# Solving Burgers' Equation with a physics-informed neural net

---

Let's learn how PINNs work! In this notebook, we'll implement a PINN following one of the [original papers](https://arxiv.org/pdf/1711.10561). This [video](https://www.youtube.com/watch?v=IDIv92Z6Qvc) was also helpful

The goal is to find a pde solution
looks cool: https://arxiv.org/pdf/2403.00599

https://github.com/idrl-lab/PINNpapers


The 1D viscous  Burgers' equation is

$$
\frac{\partial u}{\partial t} + u\frac{\partial u}{\partial x} = \nu \frac{\partial^2 u}{\partial x^2} \qquad x \in [-1, 1], \quad t \in [0, 1]
$$

where $u(x, t)$ gives the wave displacement and $\nu$ is the diffusion coefficient, describing

We will solve it with the Dirichlet boundary conditions 

$$
u(-1,t)=u(1,t)=0
$$

and initial conditions

$$
u(x,0) = - \sin(\pi x).
$$

First, we need to rewrite the PDE and its boundary / initial conditions into the form

\begin{align*}
\mathcal{D}[u(x, t)] &= f(x, t), \quad x \in \Omega \subset \mathbb{R}^d \\
B_k[u(x, t)] &= g_k(x, t), \quad x \in \Gamma_k \subset \partial \Omega \\
I_l[u(x, t=0)] &= h_l(x, t=0), \quad x \in \Omega \subset \mathbb{R}^d \\
\end{align*}

as described in [this notebook](./spring.ipynb). The PDE becomes


$$
\left( \frac{\partial }{\partial t} + u\frac{\partial }{\partial x} - \nu \frac{\partial^2 }{\partial x^2} \right) \big[u \big] - 0 = 0 
$$

The boundary conditions remain the same since they equal zero, but we will explicitly write them out. So the boundary / initial conditions are

\begin{align*}
1)& \quad u(-1,t) = 0 \quad \Rightarrow \quad u(-1,t) - 0 = 0 \\
2)& \quad u(1,t) = 0 \quad \Rightarrow \quad u(1,t) - 0 = 0 \\
3)& \quad u(x,t_\text{min}) = - \sin(\pi x) \quad \Rightarrow \quad u(x,t_\text{min}) + \sin(\pi x) = 0 \\

\end{align*}

The PINN is trained to directly approximate the solution to the differential equation

$$
N\!N(x, t;\theta) \approx u(x, t)
$$





---

### Building the loss function

The supervised **boundary loss** $ L_B(\theta)$ is given by
$$
L_B(\theta) = \sum_{k} \frac{\lambda_k}{N_{Bk}} \sum_{j}^{N_{Bk}} \left\| B_k \left[ NN(x_{kj}, t_j; \theta) \right] - g_k(x_{kj}, t_j) \right\|^2 
$$

where the outer summation with index $k$ is over the various given boundary conditions $B_k$ on the PDE. $N_{Bk}$ is the number of *boundary* training points $x_{kj}$ for boundary condition $B_k$. Then the inner summation over $j$ sums the $N_{Bk}$ squared residuals, and $\lambda_k$ is the regularization coefficient for the corresponding boundary condition.
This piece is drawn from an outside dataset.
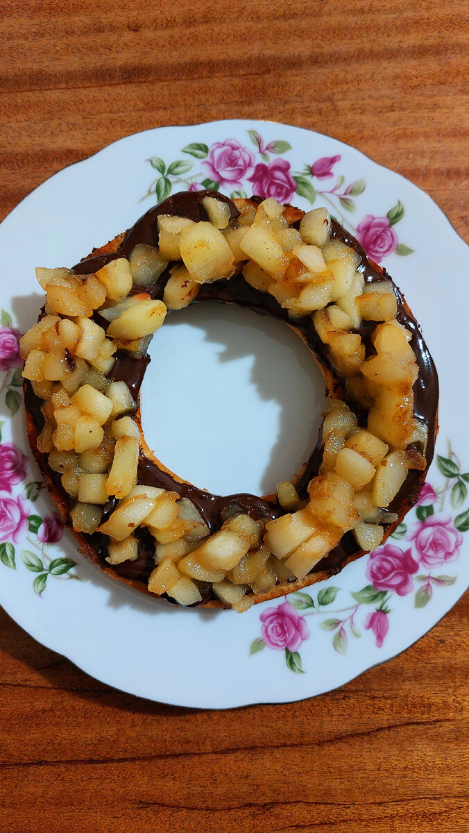 Сейчас расскажу, как приготовить вкусный десерт из обычных продуктов, вообще не напрягаясь. * Берём бублик и разрезаем его горизонтально, на две части. * Кисло - сладкое яблоко очистить от кожуры и нарезать мелким кубиком. * в сковороде распустить сливочное масло и обжарить яблоки, на небольшом огне, чтобы не горели. Добавить немного свежевыжатого апельсинового сока и чуточку коньяка ( впрочем, если этого нет под рукой, можно пропустить) * пока яблоки жарятся, займёмся бубликом. В сковороде распустить совсем немного сливочного масла, или обойтись вообще без него. И подсушить бублик со всех сторон. * На подсушенный бублик выкладываем дольки шоколада и закрываем крышку сковороды, буквально на две минуты, чтобы растопить шоколад. * в это время добавляем в яблоки мед, прогреваем и яблоки готовы. * растопленный шоколад распределяем по бублику вилкой и сразу выкладываем яблоки. Шоколад их зафиксирует. * бублик - 1 шт * яблоки - 1 шт * масло сливочное - 50 гр * мед - 1 чайная ложка

The supervised **initial condition loss** $ L_I(\theta)$ is given by
$$
L_I(\theta) = \sum_{l} \frac{\lambda_l}{N_{Il}} \sum_{j}^{N_{Il}} \left\| I_l \left[ NN(x_{lj}, t_j; \theta) \right] - h_l(x_{lj}, t_j) \right\|^2 
$$

with the same idea as above except that now $t_j$ is really $t_\text{min}$, the initial time.

The unsupervised **physics loss** $ L_P(\theta)$ is given by 
$$
L_P(\theta) = \frac{1}{N_P} \sum_{i}^{N_P} \left\| \mathcal{D} \left[ NN(x_i, t_i; \theta) \right] - f(x_i, t_i) \right\|^2 
$$

where we sum the $N_P$ squared residuals.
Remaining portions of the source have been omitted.